### Source material ###
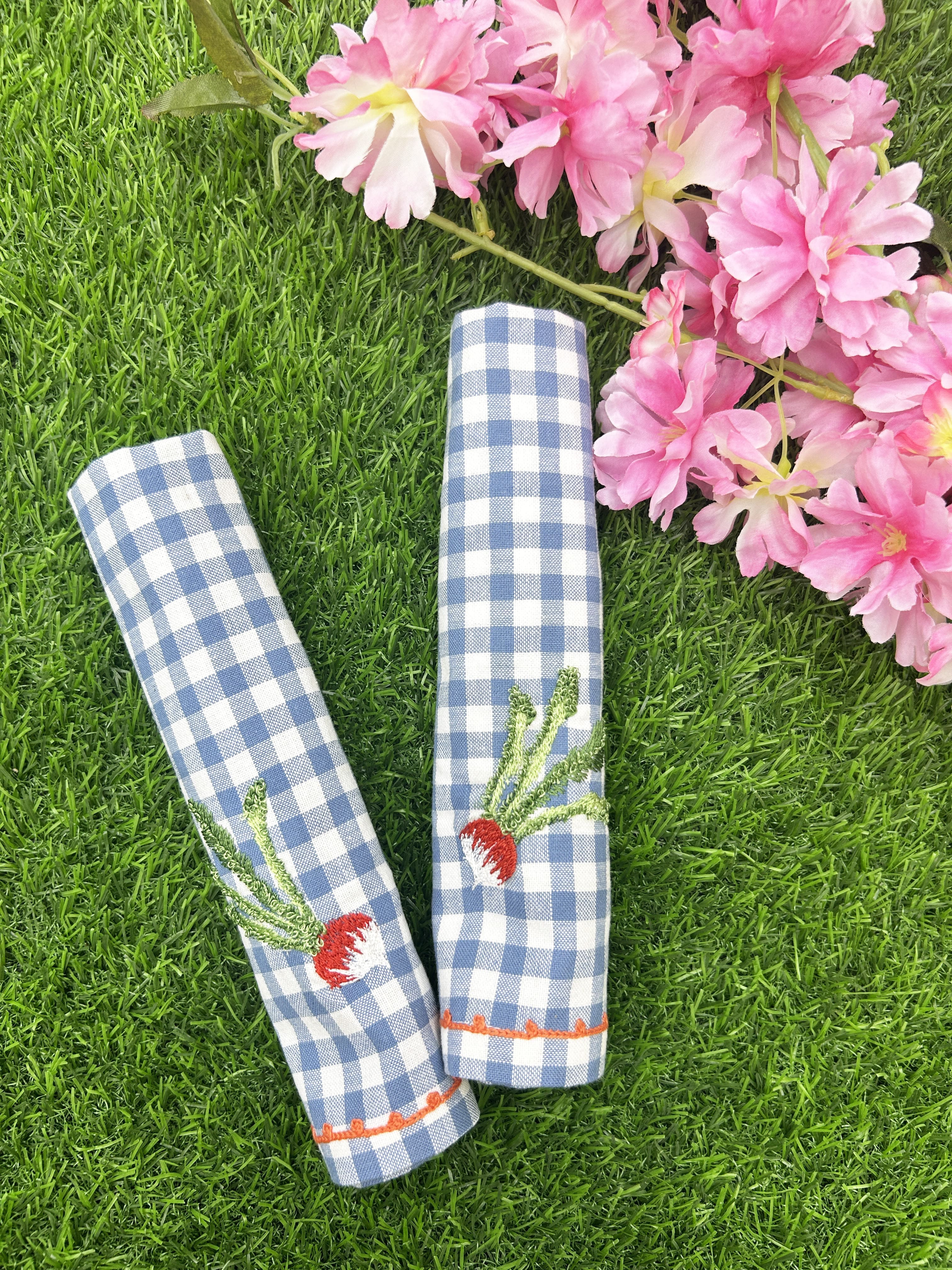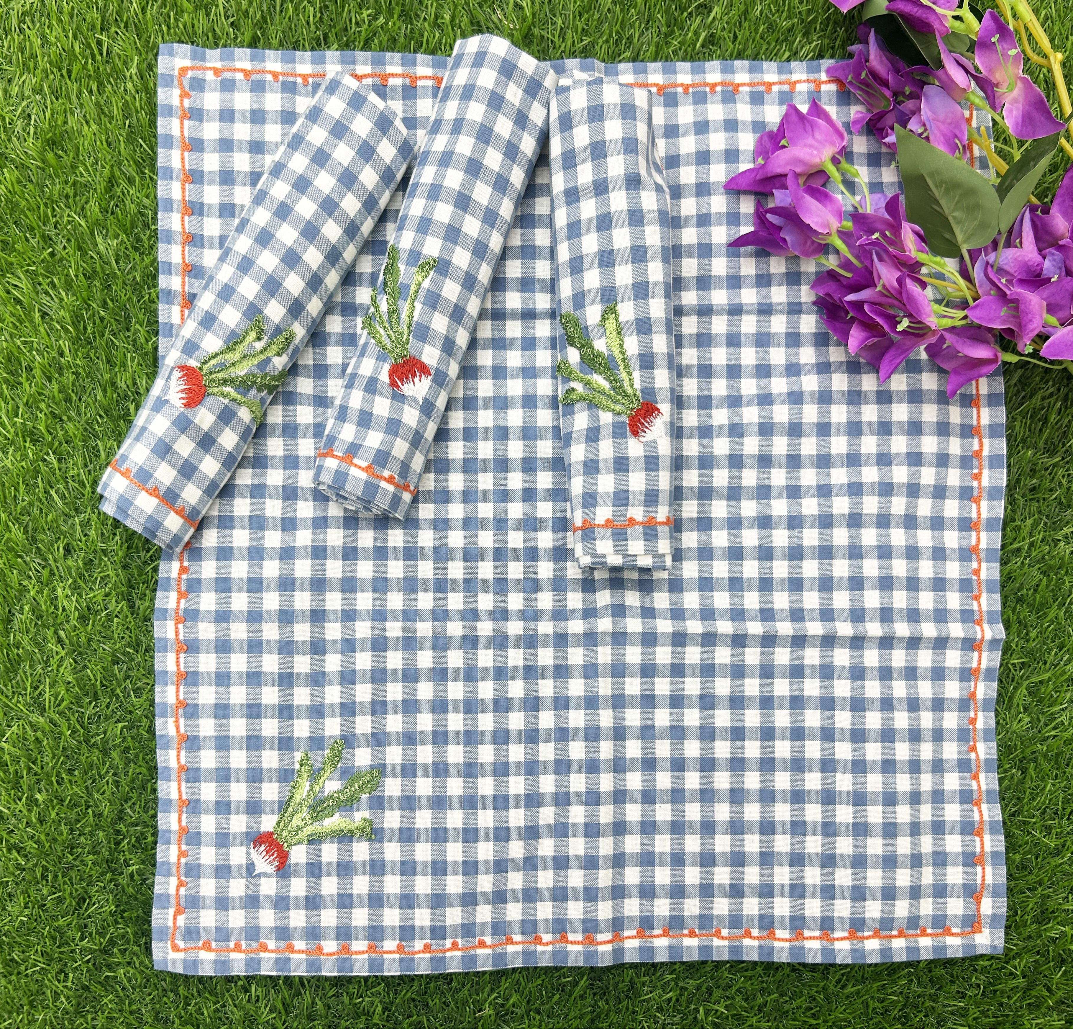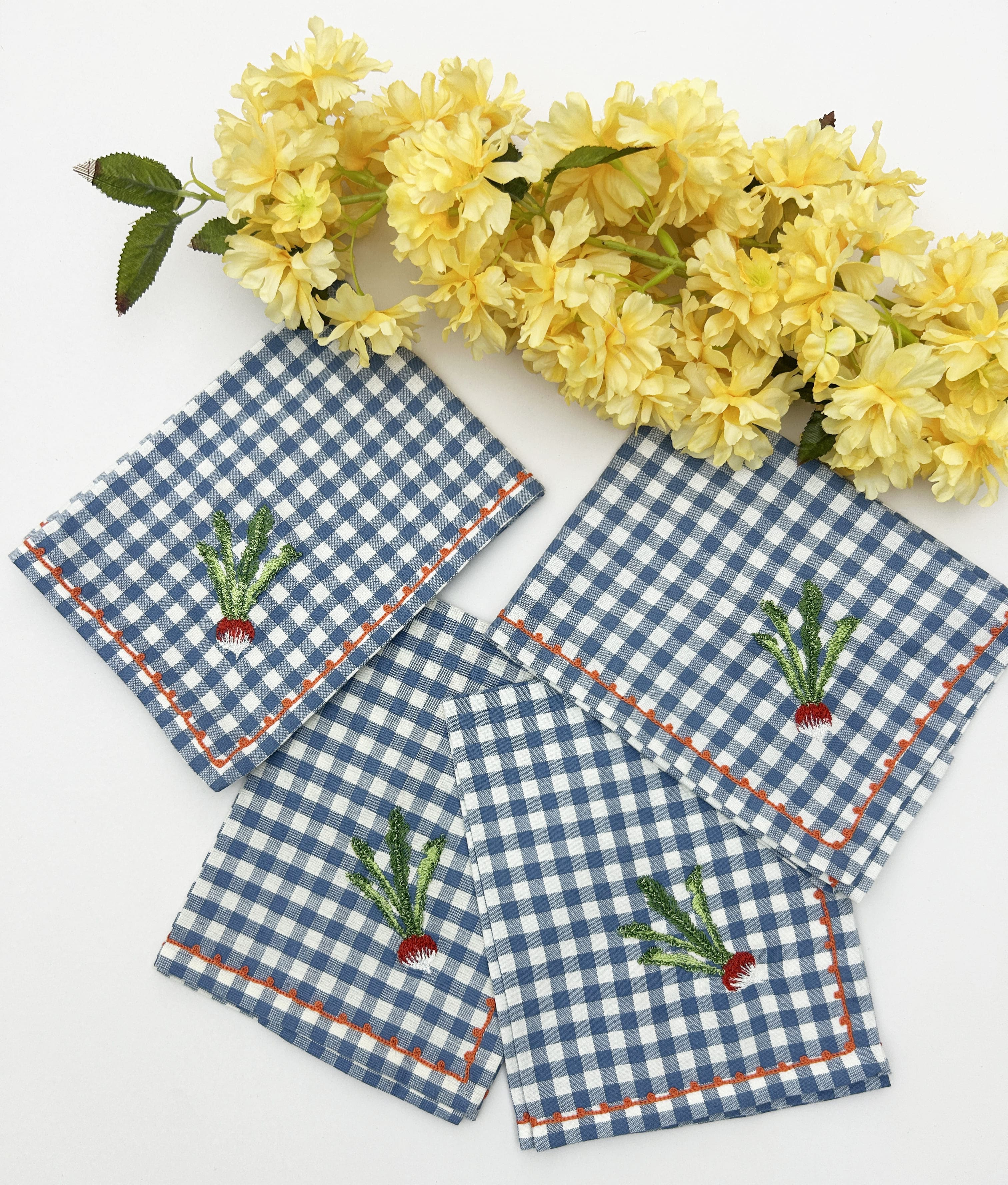 Embroidery: The set is beautifully accented with two types of embroidery. The main design is a whimsical and detailed radish, complete with a vibrant red root and lush green leafy top, stitched in one corner of the napkin. The edges are finished with a simple, contrasting orange embroidered border, which frames the napkin nicely and complements the radish motif.
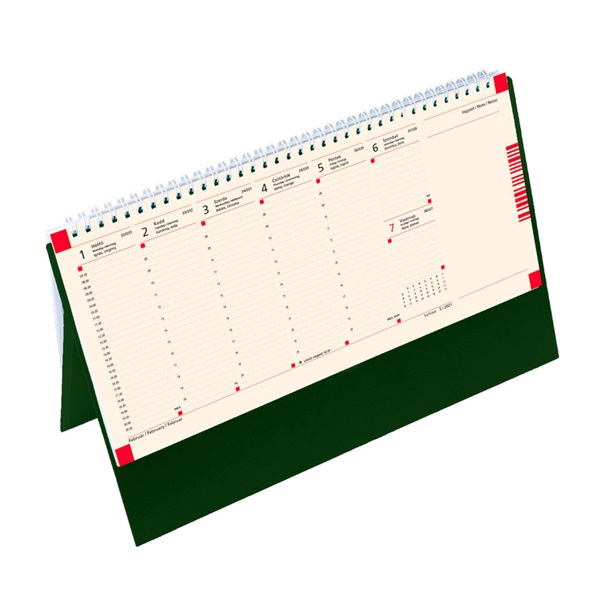 Műbőr táblával készült, chamois (krémszínű) tömbös, álló asztali naptár, vágott jegyzettömbbel.
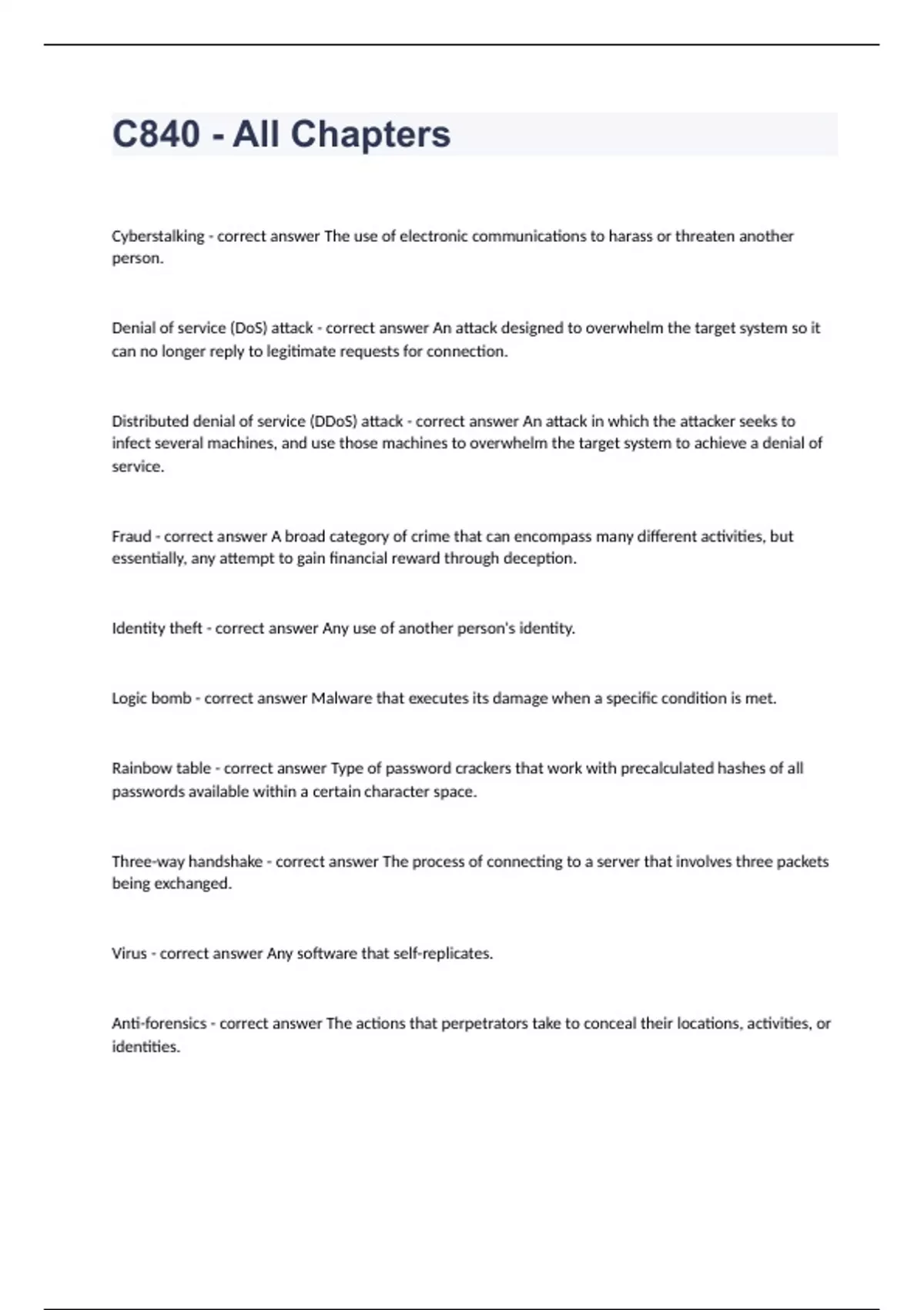 C840 Question and answers 100% correct 2023/2024Cyberstalking - correct answer The use of electronic communications to harass or threaten another person. Denial of service (DoS) attack - correct answer An attack designed to overwhelm the target system so it can no longer reply to legitimate requests for connection. Distributed denial of service (DDoS) attack - correct answer An attack in which the attacker seeks to infect several machines, and use those machines to overwhelm the target system to achieve a denial of service. Fraud - correct answer A broad category of crime that can encompass many different activities, but essentially, any attempt to gain financial reward through deception. Identity theft - correct an
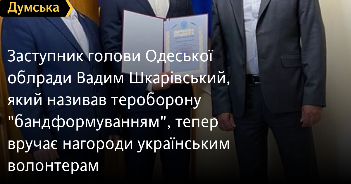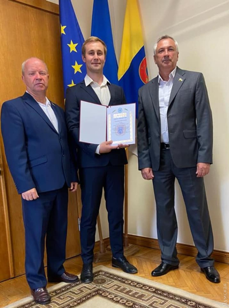 Заступник голови Одеської обласної ради, депутат від забороненої проросійської партії ОПЗЖ разом із однопартійцем, депутатом облради Олексієм Кобильниковим вручили почесну грамоту одеському підприємцю та волонтеру Дмитру Сахарову.
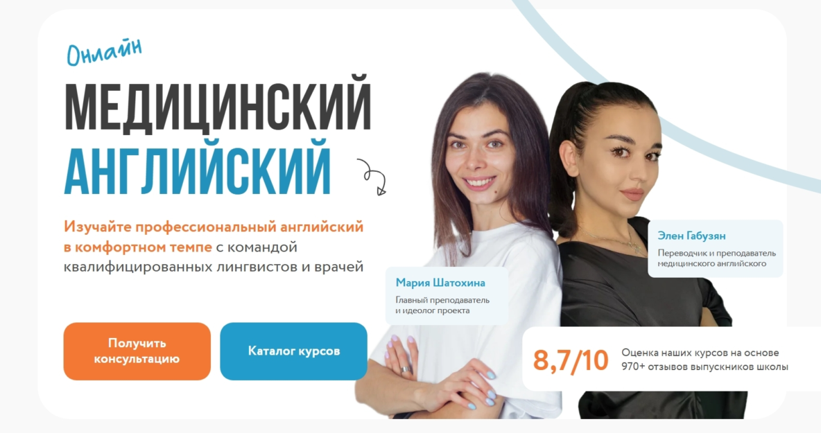 - Школа медицинского английского от Maxmed School — индивидуальные занятия с преподавателями-врачами и акцент на профессиональные диалоги и стажировочную лексику.
###
[Instructions for the task]
Give back exactly the lines from the top of the records to the line containing "C840 Question and", both included, and no pictures.

[Your solution]
 Embroidery: The set is beautifully accented with two types of embroidery. The main design is a whimsical and detailed radish, complete with a vibrant red root and lush green leafy top, stitched in one corner of the napkin. The edges are finished with a simple, contrasting orange embroidered border, which frames the napkin nicely and complements the radish motif.
 Műbőr táblával készült, chamois (krémszínű) tömbös, álló asztali naptár, vágott jegyzettömbbel.
 C840 Question and answers 100% correct 2023/2024Cyberstalking - correct answer The use of electronic communications to harass or threaten another person. Denial of service (DoS) attack - correct answer An attack designed to overwhelm the target system so it can no longer reply to legitimate requests for connection. Distributed denial of service (DDoS) attack - correct answer An attack in which the attacker seeks to infect several machines, and use those machines to overwhelm the target system to achieve a denial of service. Fraud - correct answer A broad category of crime that can encompass many different activities, but essentially, any attempt to gain financial reward through deception. Identity theft - correct an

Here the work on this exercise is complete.